Riesbach is a district in the Swiss city of Zürich. It is District number 8.

History 
The district comprises the quarters Seefeld, Mühlebach and Weinegg. Riesbach was formerly a municipality of its own, having been incorporated into Zürich in 1893.

Quaianlagen 

As the old bathhouse had to make place for the construction of so-called Seeuferanlage quais, the then independent municipality of Riesbach built the two new bathing facilities Strandbad Tiefenbrunnen (1886) at Zürichhorn and Seebad Utoquai (1890) at Utoquai.

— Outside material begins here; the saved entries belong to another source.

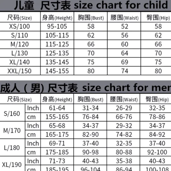 | Size | 110, 120, 130, 140, 150, 160, 170, 180 |
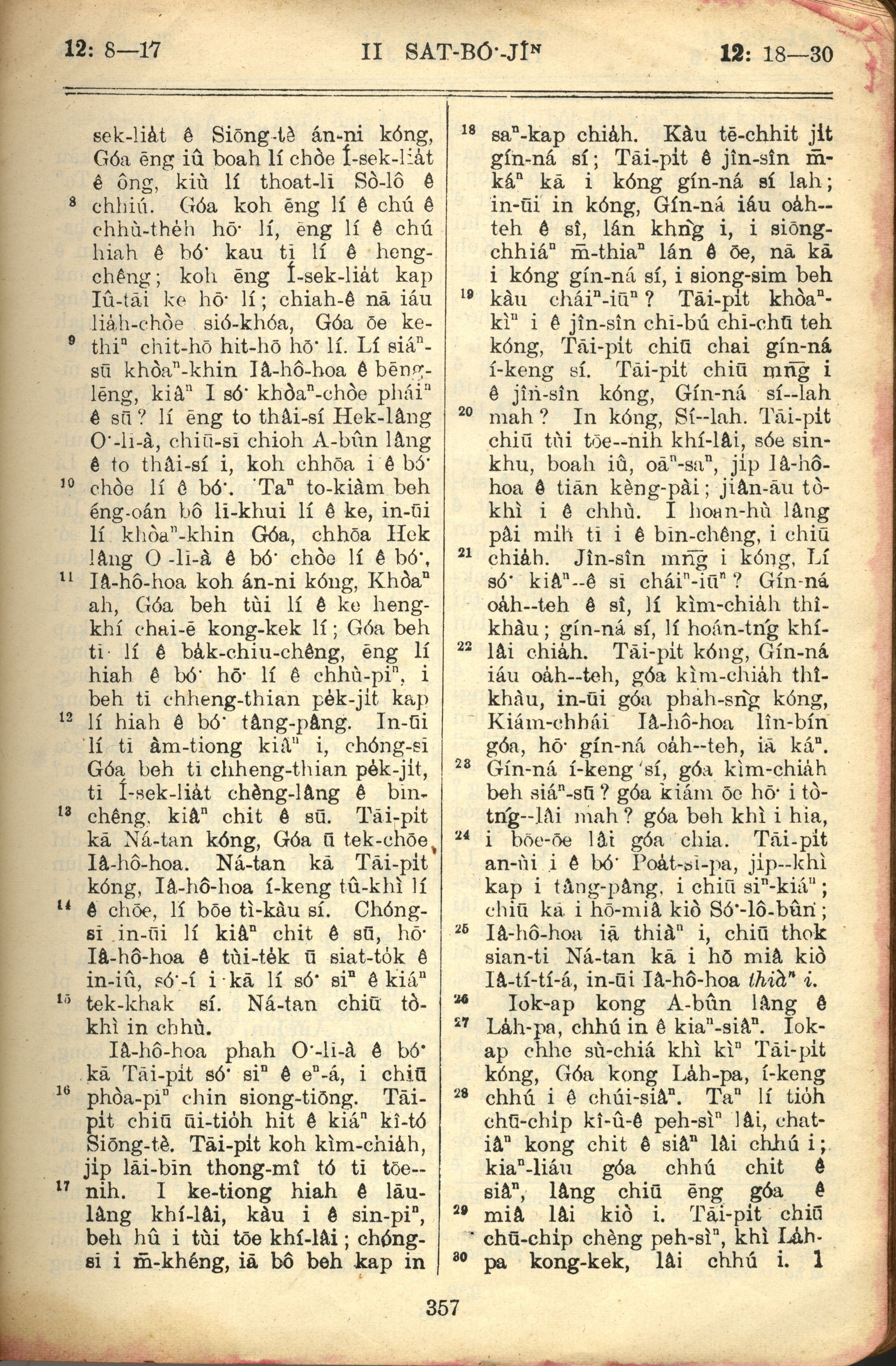 1957年巴克礼全罗台语圣经串珠版 撒母耳记下 12 章 8 节到 12 章 30 节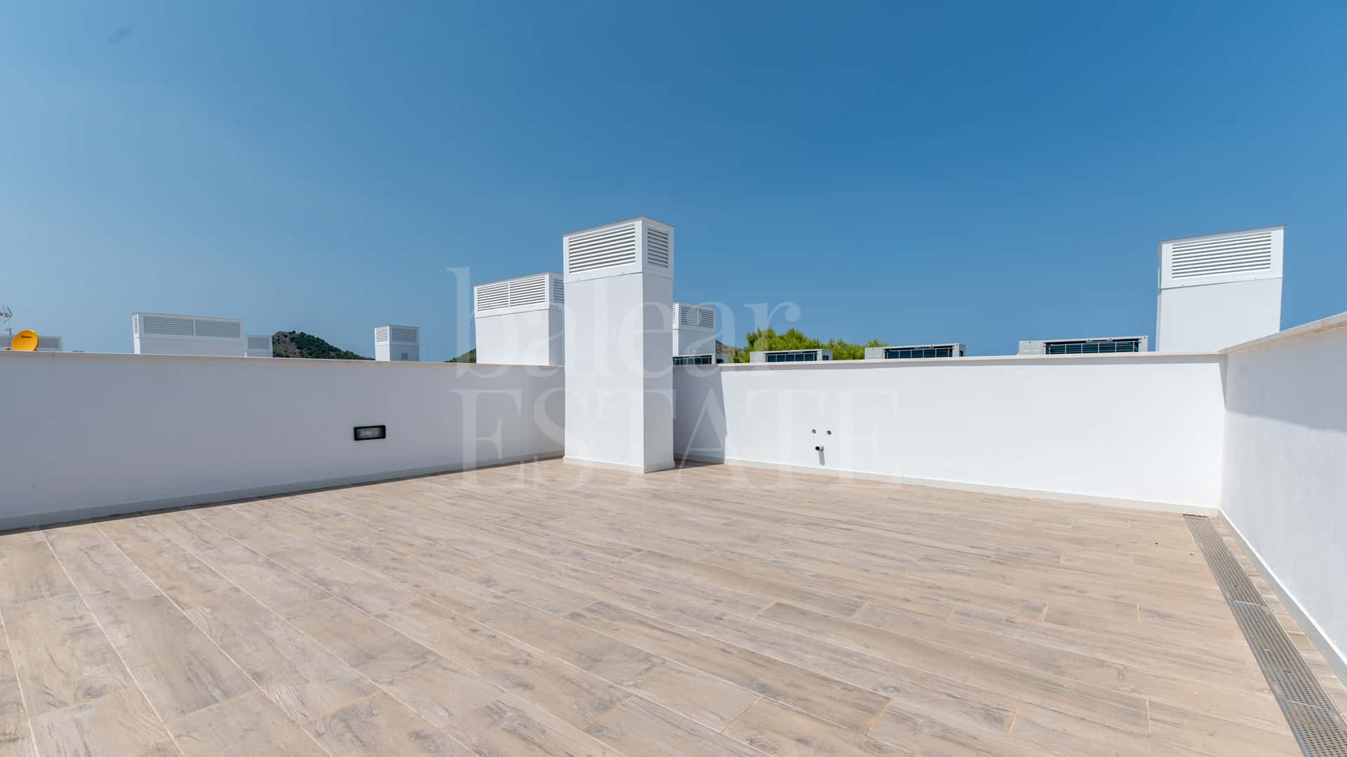 Der exklusive Neubau S’Entrador bietet 19 hochwertige Wohnungen auf drei Etagen und 33 Außenstellplätze mit E-Ladevorbereitung. Im Erdgeschoss warten vier Apartments mit eigener Terrasse und Garten. Über zwei Treppenhäuser und Aufzüge erreichen Sie die oberen Stockwerke. Der Gemeinschaftsbereich verfügt über Pool, Sonnenterrasse und Kinderspielplatz. In den ersten bis dritten Etagen liegen jeweils fünf Wohnungen. Das Dachgeschoss bietet eine Gemeinschaftsterrasse für Technik sowie fünf private Dachterrassen mit Poolvorbereitung. S’Entrador verbindet modernes Wohnen, Komfort und Top-Lage – ideal als Hauptwohnsitz, Feriendomizil oder Kapitalanlage.
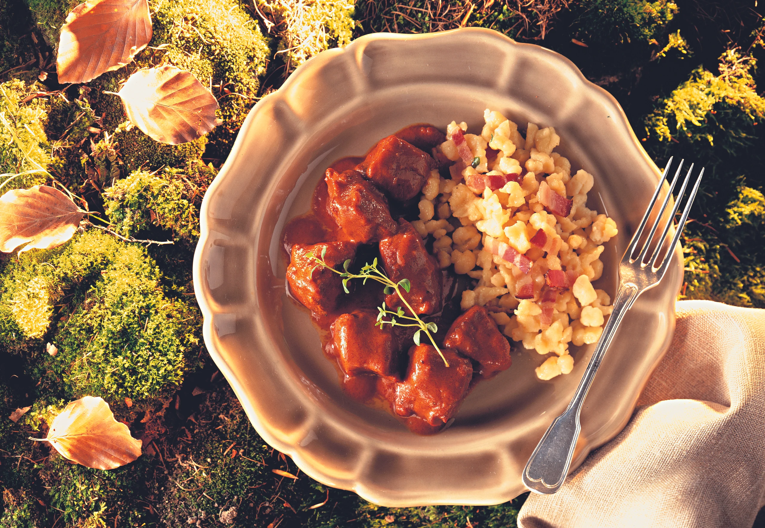 - Topf bis auf einen Spalt zudecken, Gulasch bei schwacher Hitze weich dünsten (dauert ca. 11/4 Stunden).

Hafen Riesbach, meaning Riesbach harbour area is situated between Seefeldquai and Blatterwiese. The harbour itself is as the Enge harbour used as a private-owned marina. 2004, the old kiosk at the popular open lido at Riesbachstrasse was replaced by a polygonal pavilion was designed by the architects Andreas Furrimann and Gabrielle Hächler, and now houses a small restaurant. As well as the Seefeldquai, it is part of the historical Quaianlagen, and combines park designs from different design periods. The stone pillar Klausstud originally stood in the lake and served as a border designation of the medieval right of ban of the city republic of Zürich. At that place also ended the fishing rights of the urban fishermen, and from here the Einsiedeln Abbey pilgrims proved their honour to the Protestantic city by lowering the volume of their prayers and songs. Since the landfills in the construction of the quais, the pillar stands in the middle of the park. The sculpture by Henry Moore is named Sheep Piece, and was donated in 1976. The Centre Le Corbusier or Heidi Weber Museum, an art museum dedicated to the work of the Swiss architect Le Corbusier, is situated between Seefeldquai and Blatterwiese. Between Blatterwiese and Bellerivestrasse, in 1993 the Chinese Garden Zürich was inaugurated.